Recorded data:

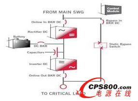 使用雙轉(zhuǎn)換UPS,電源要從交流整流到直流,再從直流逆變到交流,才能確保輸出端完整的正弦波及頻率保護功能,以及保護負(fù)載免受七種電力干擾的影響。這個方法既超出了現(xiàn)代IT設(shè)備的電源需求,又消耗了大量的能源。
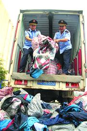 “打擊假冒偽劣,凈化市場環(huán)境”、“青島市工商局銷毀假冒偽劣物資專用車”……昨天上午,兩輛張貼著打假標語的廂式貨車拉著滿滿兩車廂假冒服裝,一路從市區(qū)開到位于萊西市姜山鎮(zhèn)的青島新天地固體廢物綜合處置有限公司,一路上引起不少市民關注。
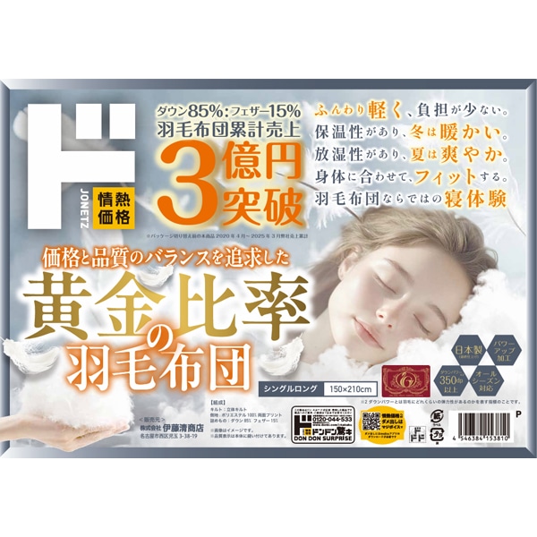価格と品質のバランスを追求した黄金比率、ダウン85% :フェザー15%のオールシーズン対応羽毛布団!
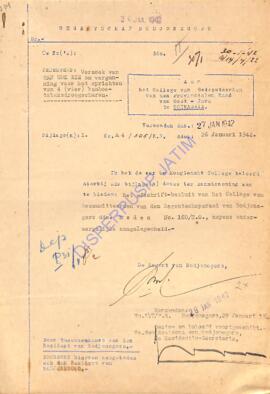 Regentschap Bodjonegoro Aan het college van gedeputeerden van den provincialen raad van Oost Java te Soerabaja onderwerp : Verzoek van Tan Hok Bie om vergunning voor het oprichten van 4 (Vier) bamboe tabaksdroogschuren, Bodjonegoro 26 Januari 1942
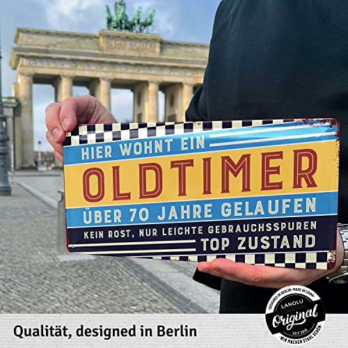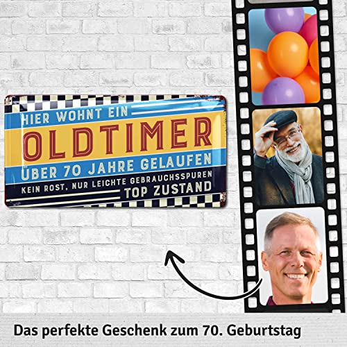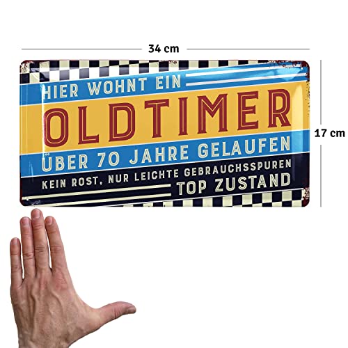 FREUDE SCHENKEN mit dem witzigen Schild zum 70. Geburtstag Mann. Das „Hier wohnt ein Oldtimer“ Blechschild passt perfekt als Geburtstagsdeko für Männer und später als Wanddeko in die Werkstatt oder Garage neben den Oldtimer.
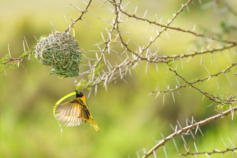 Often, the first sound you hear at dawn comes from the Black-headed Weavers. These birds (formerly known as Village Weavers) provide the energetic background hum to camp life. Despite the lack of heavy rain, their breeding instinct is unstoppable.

* * *

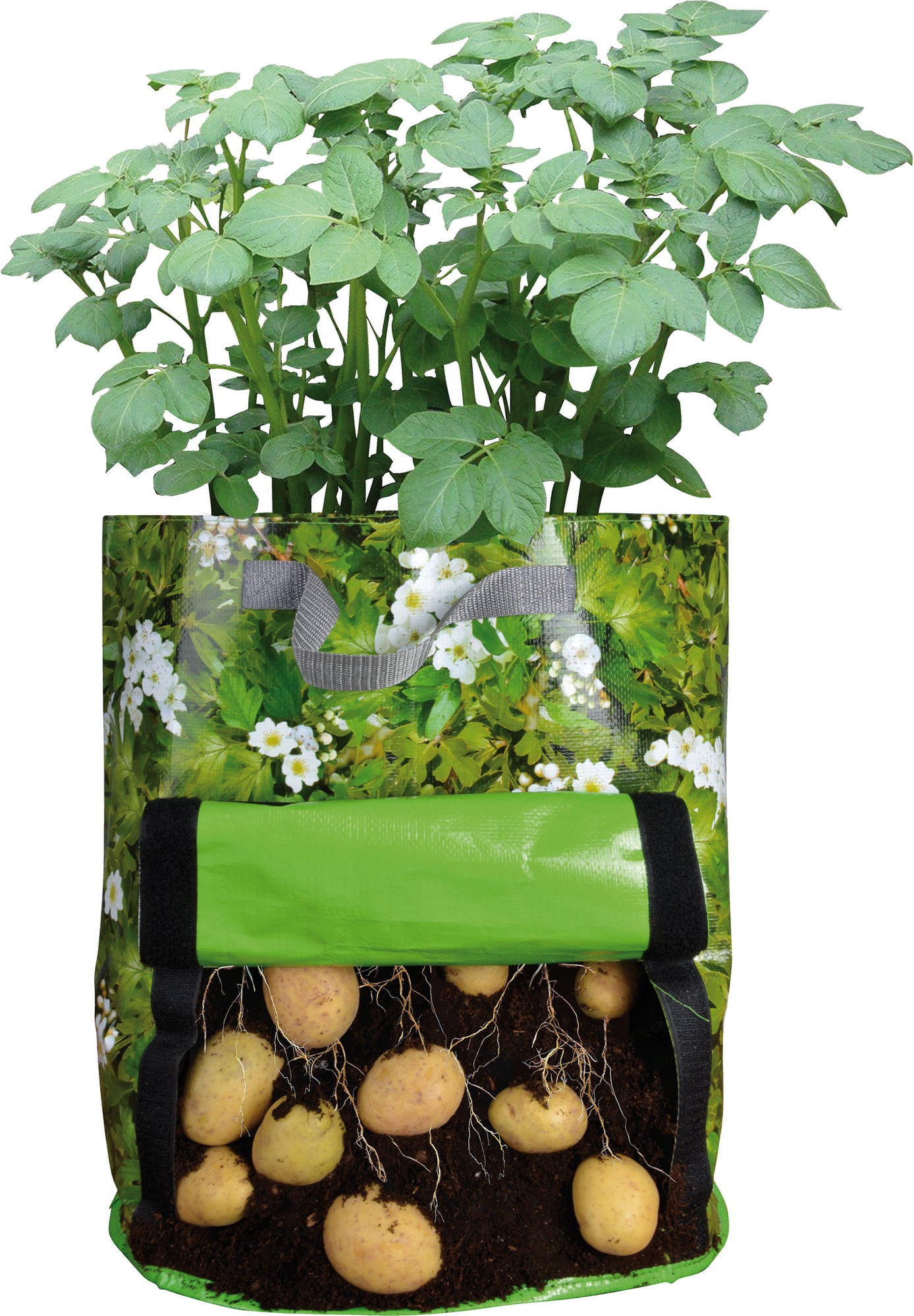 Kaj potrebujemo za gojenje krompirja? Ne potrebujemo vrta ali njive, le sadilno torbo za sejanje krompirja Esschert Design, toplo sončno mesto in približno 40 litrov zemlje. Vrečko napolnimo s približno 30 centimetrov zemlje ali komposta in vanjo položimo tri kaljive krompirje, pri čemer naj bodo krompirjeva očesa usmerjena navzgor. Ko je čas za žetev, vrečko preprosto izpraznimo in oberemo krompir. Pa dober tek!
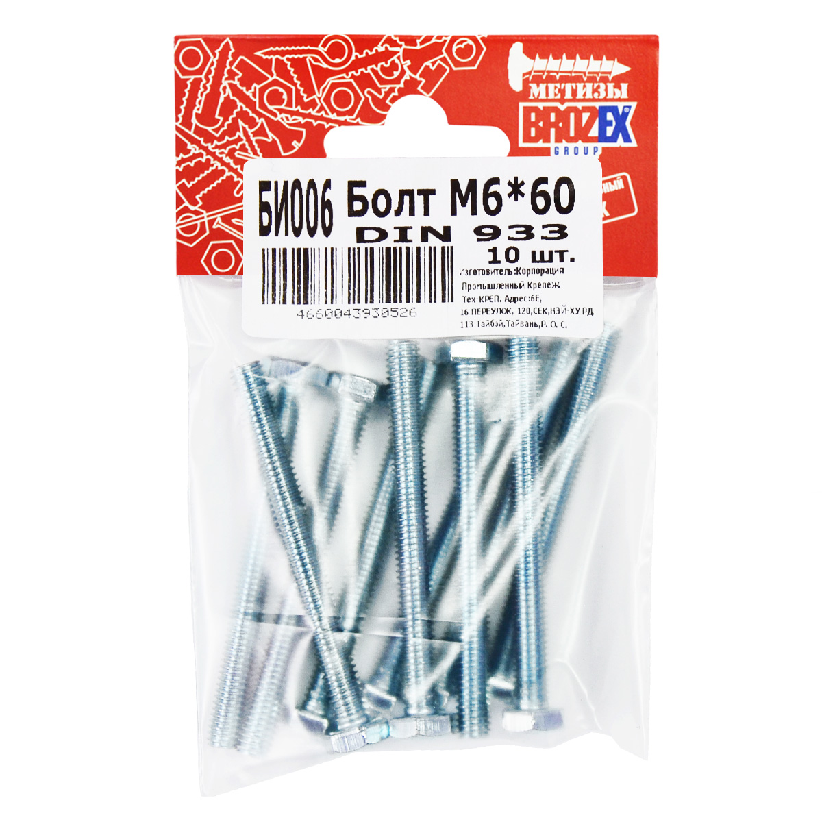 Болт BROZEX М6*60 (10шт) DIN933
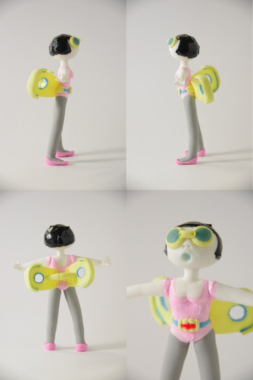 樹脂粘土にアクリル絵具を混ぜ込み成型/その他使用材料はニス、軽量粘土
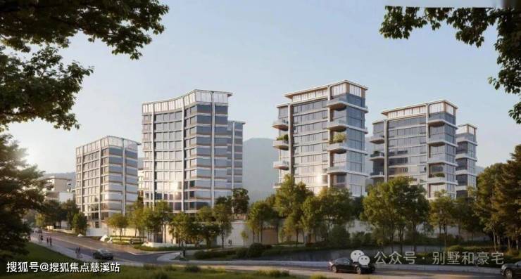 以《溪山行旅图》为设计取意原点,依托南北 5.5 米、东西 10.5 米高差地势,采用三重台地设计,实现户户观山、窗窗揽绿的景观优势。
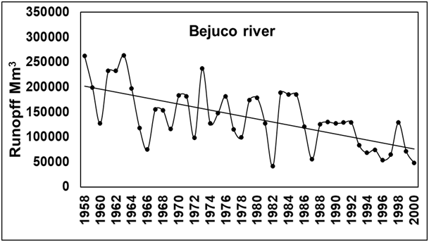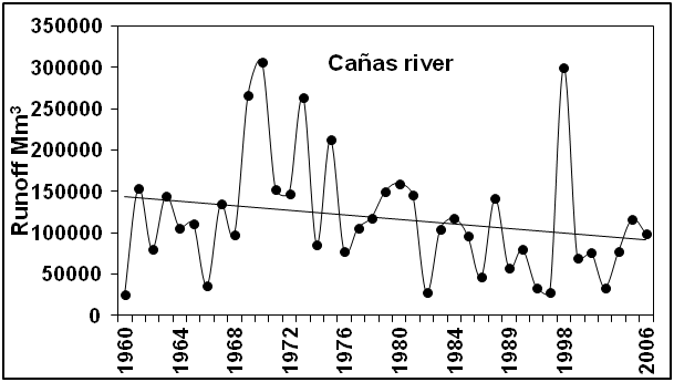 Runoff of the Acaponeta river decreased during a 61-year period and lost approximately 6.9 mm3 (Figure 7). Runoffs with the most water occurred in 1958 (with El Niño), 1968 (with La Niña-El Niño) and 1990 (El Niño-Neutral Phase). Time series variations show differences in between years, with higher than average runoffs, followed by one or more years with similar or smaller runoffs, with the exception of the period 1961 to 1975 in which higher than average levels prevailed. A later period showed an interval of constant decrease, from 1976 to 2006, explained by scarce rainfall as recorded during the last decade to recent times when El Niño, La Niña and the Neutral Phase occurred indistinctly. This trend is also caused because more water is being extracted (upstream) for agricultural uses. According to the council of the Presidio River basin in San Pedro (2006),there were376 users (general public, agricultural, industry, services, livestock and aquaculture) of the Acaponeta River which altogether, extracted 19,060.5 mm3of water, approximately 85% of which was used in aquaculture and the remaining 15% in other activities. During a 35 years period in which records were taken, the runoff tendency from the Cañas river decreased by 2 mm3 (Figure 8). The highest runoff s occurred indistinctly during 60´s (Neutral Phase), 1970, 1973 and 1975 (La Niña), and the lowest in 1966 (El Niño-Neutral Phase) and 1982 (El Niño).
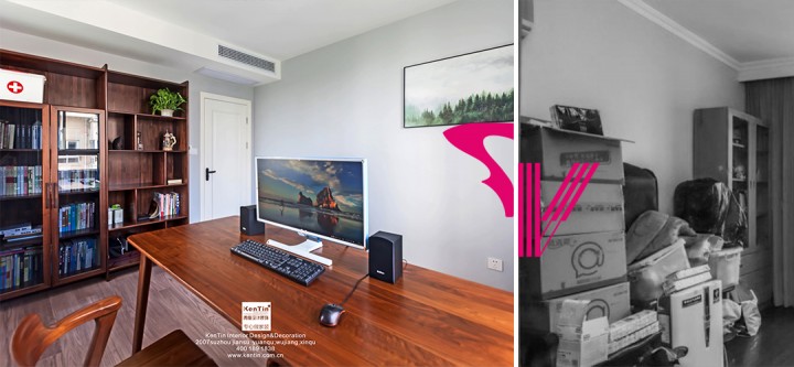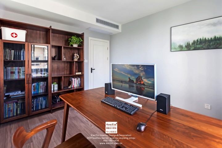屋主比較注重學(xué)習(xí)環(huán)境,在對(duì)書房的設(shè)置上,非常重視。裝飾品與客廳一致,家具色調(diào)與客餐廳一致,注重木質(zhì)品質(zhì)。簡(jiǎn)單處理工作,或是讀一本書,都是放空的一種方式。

**What is needed:** From the records above, transcribe exactly the lines starting at the one containing "使用雙轉(zhuǎn)換UP" and ending at the one containing "価格と品質のバランスを追求し". Skip the pictures.

**Answer for the task:**
 使用雙轉(zhuǎn)換UPS,電源要從交流整流到直流,再從直流逆變到交流,才能確保輸出端完整的正弦波及頻率保護功能,以及保護負(fù)載免受七種電力干擾的影響。這個方法既超出了現(xiàn)代IT設(shè)備的電源需求,又消耗了大量的能源。
 “打擊假冒偽劣,凈化市場環(huán)境”、“青島市工商局銷毀假冒偽劣物資專用車”……昨天上午,兩輛張貼著打假標語的廂式貨車拉著滿滿兩車廂假冒服裝,一路從市區(qū)開到位于萊西市姜山鎮(zhèn)的青島新天地固體廢物綜合處置有限公司,一路上引起不少市民關注。
価格と品質のバランスを追求した黄金比率、ダウン85% :フェザー15%のオールシーズン対応羽毛布団!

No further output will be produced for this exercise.